◆ **Work order**: A picture should never appear in your copy. Transcribe the listing exactly from its first line through the line with "1—6月份,生产天然气109", both ends included.

:: Data section ::

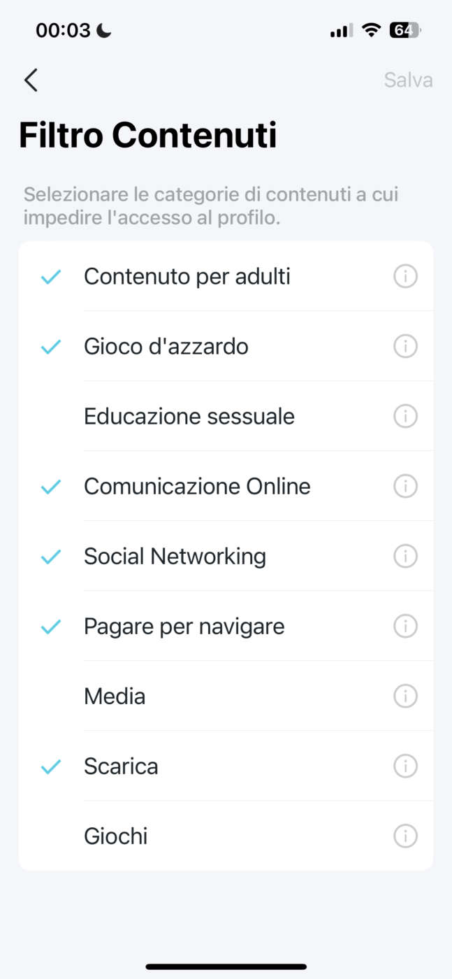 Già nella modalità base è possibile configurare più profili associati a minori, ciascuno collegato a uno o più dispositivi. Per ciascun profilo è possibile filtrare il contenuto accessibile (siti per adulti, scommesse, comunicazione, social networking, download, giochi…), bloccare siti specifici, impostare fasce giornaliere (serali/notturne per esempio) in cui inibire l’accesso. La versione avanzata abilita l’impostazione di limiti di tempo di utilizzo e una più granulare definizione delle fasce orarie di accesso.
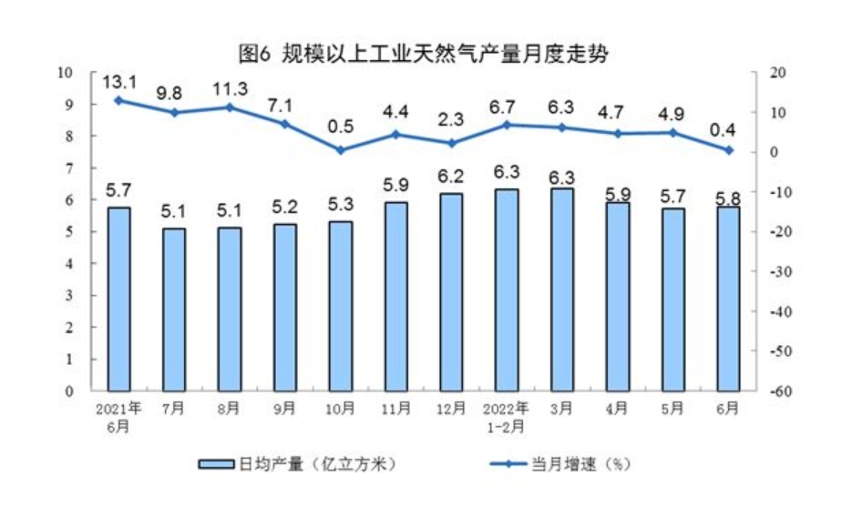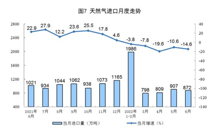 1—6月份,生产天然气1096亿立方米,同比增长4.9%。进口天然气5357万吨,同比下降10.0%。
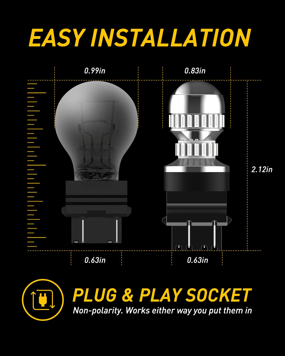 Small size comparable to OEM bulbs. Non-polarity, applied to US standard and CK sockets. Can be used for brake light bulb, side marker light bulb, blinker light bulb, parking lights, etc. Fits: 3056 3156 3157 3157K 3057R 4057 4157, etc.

:::

◆ **Solution to the problem**:
 Già nella modalità base è possibile configurare più profili associati a minori, ciascuno collegato a uno o più dispositivi. Per ciascun profilo è possibile filtrare il contenuto accessibile (siti per adulti, scommesse, comunicazione, social networking, download, giochi…), bloccare siti specifici, impostare fasce giornaliere (serali/notturne per esempio) in cui inibire l’accesso. La versione avanzata abilita l’impostazione di limiti di tempo di utilizzo e una più granulare definizione delle fasce orarie di accesso.
 1—6月份,生产天然气1096亿立方米,同比增长4.9%。进口天然气5357万吨,同比下降10.0%。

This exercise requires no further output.